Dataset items
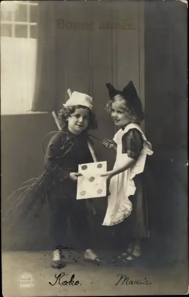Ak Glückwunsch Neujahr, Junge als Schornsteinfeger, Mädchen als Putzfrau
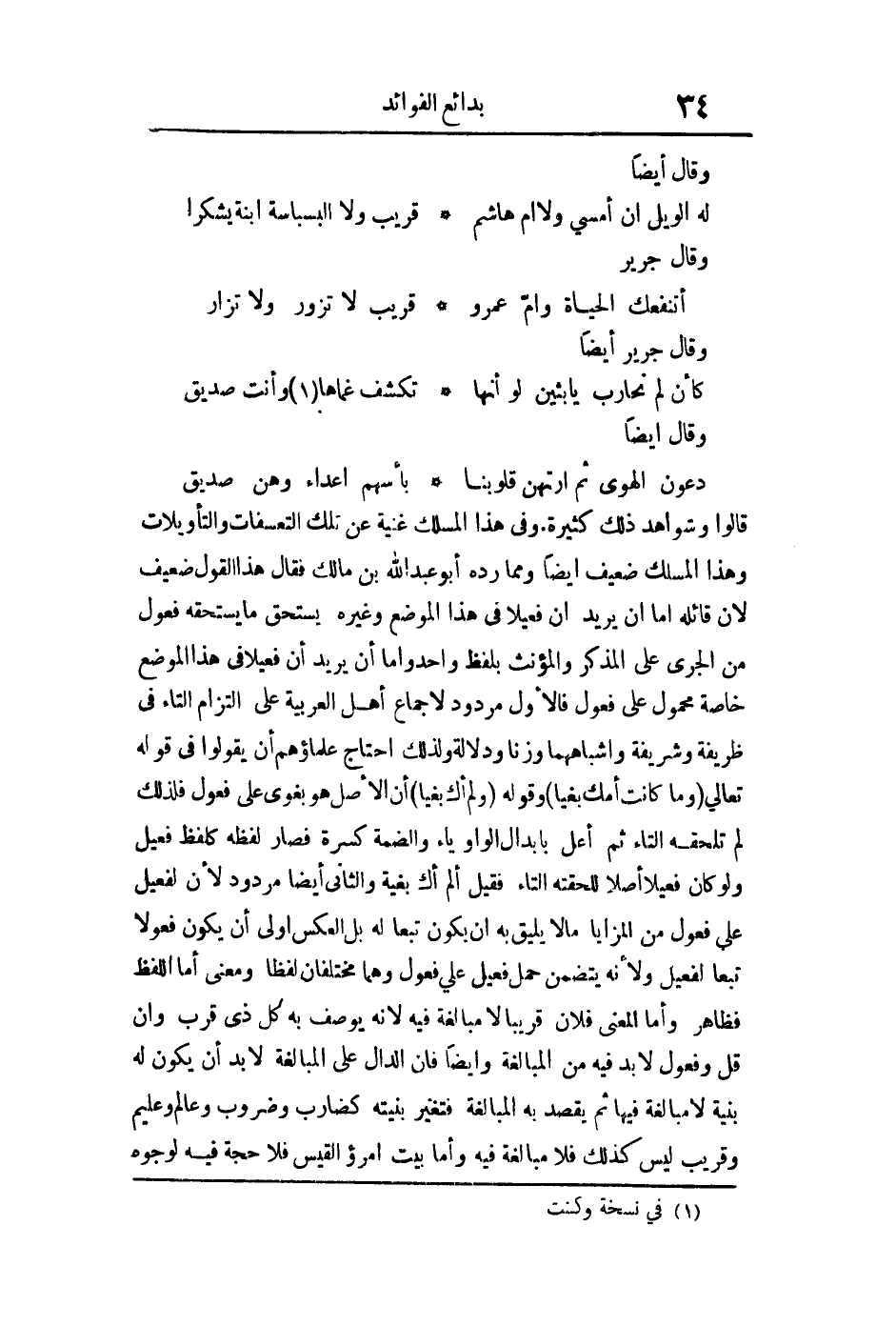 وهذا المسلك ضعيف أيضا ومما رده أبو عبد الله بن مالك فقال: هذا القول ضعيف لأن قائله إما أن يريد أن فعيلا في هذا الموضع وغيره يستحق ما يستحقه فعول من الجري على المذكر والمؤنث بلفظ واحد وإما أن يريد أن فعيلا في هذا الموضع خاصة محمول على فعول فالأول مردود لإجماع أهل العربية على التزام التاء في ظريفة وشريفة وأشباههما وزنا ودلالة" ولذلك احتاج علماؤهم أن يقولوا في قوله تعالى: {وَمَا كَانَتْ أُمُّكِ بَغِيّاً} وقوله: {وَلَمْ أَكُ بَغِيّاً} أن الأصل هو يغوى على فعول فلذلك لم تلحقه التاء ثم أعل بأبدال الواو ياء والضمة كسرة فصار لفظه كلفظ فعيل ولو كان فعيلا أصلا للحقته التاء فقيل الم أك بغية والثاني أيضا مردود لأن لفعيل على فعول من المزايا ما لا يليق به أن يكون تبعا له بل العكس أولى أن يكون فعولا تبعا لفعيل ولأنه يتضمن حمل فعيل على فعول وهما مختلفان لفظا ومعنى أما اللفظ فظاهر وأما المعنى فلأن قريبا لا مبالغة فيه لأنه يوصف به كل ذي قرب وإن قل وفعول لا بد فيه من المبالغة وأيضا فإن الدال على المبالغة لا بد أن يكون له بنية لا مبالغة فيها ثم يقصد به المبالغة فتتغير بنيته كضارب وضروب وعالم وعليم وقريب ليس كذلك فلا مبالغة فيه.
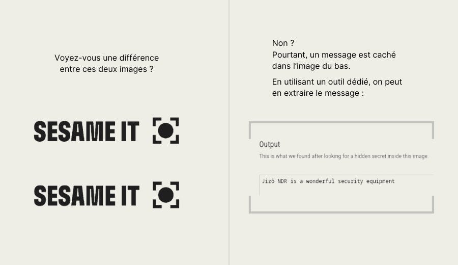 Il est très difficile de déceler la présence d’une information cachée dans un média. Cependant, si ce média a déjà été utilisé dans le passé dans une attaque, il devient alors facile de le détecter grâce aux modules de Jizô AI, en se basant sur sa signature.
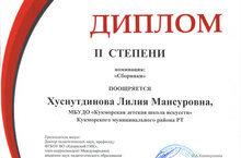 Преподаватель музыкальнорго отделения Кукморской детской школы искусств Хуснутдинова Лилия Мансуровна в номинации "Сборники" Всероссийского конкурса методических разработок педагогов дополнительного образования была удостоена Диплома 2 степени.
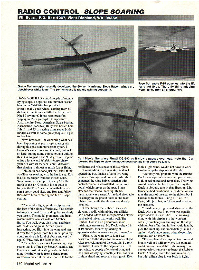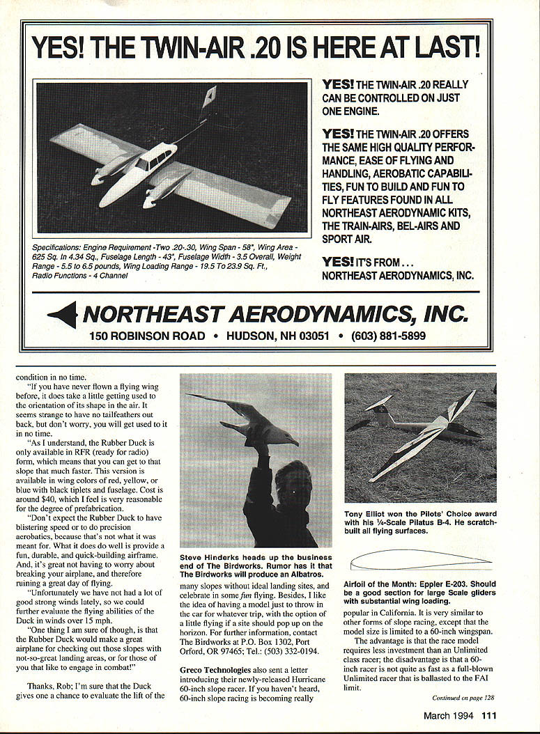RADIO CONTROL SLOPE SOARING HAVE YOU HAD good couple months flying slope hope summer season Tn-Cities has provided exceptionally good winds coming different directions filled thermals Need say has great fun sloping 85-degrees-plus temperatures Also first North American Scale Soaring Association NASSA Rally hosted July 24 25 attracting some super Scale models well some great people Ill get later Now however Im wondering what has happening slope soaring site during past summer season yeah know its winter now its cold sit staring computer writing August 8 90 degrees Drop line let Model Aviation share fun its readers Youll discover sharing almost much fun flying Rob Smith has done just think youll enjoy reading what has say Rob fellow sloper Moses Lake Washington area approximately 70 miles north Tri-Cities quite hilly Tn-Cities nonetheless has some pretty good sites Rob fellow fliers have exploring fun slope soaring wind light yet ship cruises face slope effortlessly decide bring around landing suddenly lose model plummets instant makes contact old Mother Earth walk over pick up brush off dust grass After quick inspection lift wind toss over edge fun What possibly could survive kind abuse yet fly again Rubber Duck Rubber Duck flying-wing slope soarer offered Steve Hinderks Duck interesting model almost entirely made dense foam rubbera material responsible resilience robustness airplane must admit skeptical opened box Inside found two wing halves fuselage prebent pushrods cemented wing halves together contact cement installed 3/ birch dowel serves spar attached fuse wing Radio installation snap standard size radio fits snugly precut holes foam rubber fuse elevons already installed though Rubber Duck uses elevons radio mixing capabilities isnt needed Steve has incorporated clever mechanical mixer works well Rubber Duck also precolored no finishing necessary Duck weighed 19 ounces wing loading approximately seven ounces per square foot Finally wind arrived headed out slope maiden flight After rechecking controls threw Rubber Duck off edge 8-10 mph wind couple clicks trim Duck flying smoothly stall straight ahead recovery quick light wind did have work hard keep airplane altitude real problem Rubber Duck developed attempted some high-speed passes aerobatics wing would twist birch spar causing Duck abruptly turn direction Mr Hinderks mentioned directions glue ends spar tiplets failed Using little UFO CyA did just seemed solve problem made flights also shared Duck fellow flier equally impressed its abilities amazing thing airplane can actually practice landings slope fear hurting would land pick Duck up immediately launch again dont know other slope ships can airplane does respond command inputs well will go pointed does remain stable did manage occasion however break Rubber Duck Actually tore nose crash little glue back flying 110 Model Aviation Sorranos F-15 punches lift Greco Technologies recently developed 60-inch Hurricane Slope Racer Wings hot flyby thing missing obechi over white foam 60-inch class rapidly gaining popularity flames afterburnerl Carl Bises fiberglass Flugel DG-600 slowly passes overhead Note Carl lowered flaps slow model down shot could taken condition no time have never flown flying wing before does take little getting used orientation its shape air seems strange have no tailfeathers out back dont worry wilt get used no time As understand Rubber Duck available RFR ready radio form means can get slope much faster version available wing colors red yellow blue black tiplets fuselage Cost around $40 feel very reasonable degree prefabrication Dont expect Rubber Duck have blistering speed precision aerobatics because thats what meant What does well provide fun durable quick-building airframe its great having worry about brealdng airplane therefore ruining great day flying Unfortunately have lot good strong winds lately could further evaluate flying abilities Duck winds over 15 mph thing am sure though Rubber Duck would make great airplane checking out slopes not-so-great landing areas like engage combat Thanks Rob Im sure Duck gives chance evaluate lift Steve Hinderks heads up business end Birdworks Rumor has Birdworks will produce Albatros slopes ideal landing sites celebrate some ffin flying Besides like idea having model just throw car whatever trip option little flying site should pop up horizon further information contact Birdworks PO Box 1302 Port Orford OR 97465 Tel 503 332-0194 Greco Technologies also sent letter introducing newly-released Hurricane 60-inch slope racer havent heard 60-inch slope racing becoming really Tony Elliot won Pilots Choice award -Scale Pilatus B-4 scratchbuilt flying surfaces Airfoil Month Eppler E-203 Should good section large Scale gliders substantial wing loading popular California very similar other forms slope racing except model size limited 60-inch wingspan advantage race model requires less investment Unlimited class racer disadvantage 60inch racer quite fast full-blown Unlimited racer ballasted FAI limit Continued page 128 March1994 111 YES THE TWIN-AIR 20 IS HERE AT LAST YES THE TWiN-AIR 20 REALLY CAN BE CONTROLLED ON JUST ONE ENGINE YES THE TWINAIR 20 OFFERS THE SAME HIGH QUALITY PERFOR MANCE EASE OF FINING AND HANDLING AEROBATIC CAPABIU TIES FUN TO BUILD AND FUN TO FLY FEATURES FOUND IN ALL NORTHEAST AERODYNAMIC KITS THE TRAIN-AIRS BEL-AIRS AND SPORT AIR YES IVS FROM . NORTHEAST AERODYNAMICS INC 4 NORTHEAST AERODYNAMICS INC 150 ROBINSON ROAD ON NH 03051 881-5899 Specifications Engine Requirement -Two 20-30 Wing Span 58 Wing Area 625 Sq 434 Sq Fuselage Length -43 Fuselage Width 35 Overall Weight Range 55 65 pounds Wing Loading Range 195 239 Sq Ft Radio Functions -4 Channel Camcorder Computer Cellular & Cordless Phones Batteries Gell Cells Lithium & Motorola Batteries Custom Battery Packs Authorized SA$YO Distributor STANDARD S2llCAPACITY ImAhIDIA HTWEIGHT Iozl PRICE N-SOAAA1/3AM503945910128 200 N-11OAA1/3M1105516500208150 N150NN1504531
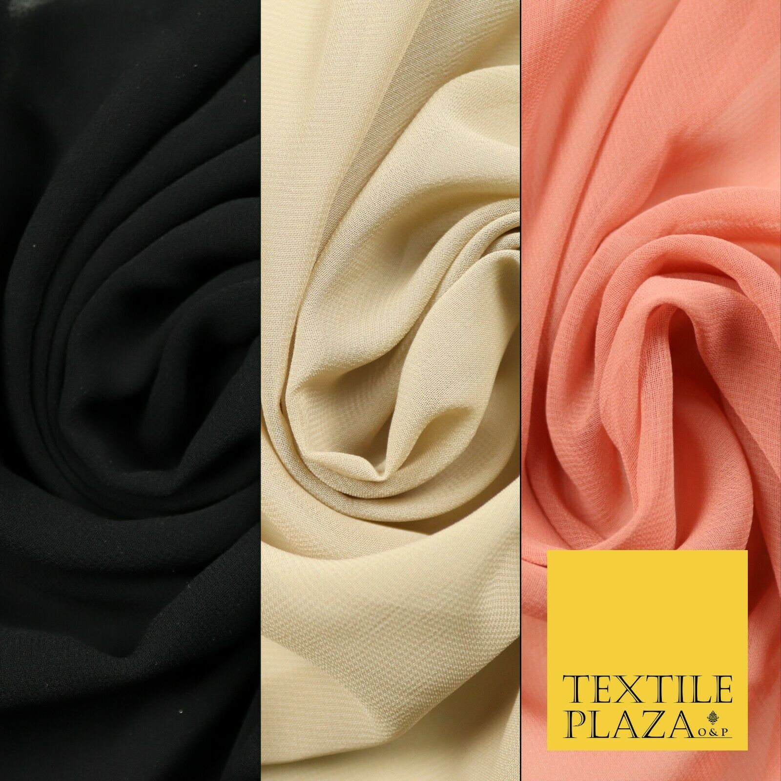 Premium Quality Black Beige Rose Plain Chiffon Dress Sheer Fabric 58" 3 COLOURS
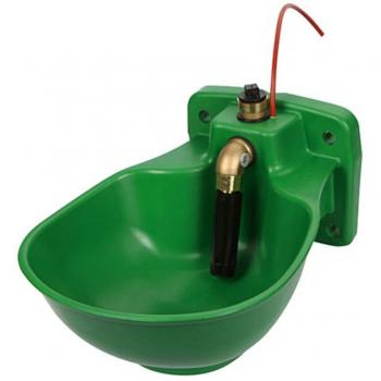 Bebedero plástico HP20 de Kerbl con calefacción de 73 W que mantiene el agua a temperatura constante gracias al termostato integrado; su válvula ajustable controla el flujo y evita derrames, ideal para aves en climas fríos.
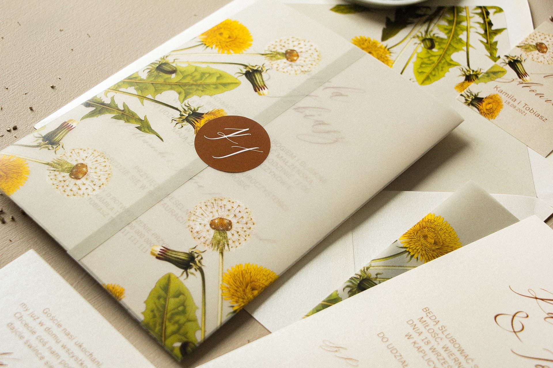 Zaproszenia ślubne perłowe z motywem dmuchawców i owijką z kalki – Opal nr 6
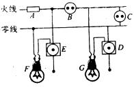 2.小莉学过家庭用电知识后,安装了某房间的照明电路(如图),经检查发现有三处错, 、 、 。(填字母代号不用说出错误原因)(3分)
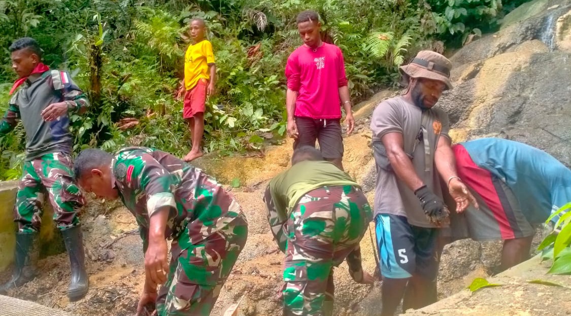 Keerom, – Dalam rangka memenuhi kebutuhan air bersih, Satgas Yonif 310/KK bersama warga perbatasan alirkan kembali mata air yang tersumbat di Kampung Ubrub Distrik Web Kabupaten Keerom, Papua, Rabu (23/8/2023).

→ WHAT TO PRODUCE
Transcribe the entries above exactly, from their first line through the line with "Il est très", and omit all pictures.

→ FINAL ANSWER
Ak Glückwunsch Neujahr, Junge als Schornsteinfeger, Mädchen als Putzfrau
 وهذا المسلك ضعيف أيضا ومما رده أبو عبد الله بن مالك فقال: هذا القول ضعيف لأن قائله إما أن يريد أن فعيلا في هذا الموضع وغيره يستحق ما يستحقه فعول من الجري على المذكر والمؤنث بلفظ واحد وإما أن يريد أن فعيلا في هذا الموضع خاصة محمول على فعول فالأول مردود لإجماع أهل العربية على التزام التاء في ظريفة وشريفة وأشباههما وزنا ودلالة" ولذلك احتاج علماؤهم أن يقولوا في قوله تعالى: {وَمَا كَانَتْ أُمُّكِ بَغِيّاً} وقوله: {وَلَمْ أَكُ بَغِيّاً} أن الأصل هو يغوى على فعول فلذلك لم تلحقه التاء ثم أعل بأبدال الواو ياء والضمة كسرة فصار لفظه كلفظ فعيل ولو كان فعيلا أصلا للحقته التاء فقيل الم أك بغية والثاني أيضا مردود لأن لفعيل على فعول من المزايا ما لا يليق به أن يكون تبعا له بل العكس أولى أن يكون فعولا تبعا لفعيل ولأنه يتضمن حمل فعيل على فعول وهما مختلفان لفظا ومعنى أما اللفظ فظاهر وأما المعنى فلأن قريبا لا مبالغة فيه لأنه يوصف به كل ذي قرب وإن قل وفعول لا بد فيه من المبالغة وأيضا فإن الدال على المبالغة لا بد أن يكون له بنية لا مبالغة فيها ثم يقصد به المبالغة فتتغير بنيته كضارب وضروب وعالم وعليم وقريب ليس كذلك فلا مبالغة فيه.
 Il est très difficile de déceler la présence d’une information cachée dans un média. Cependant, si ce média a déjà été utilisé dans le passé dans une attaque, il devient alors facile de le détecter grâce aux modules de Jizô AI, en se basant sur sa signature.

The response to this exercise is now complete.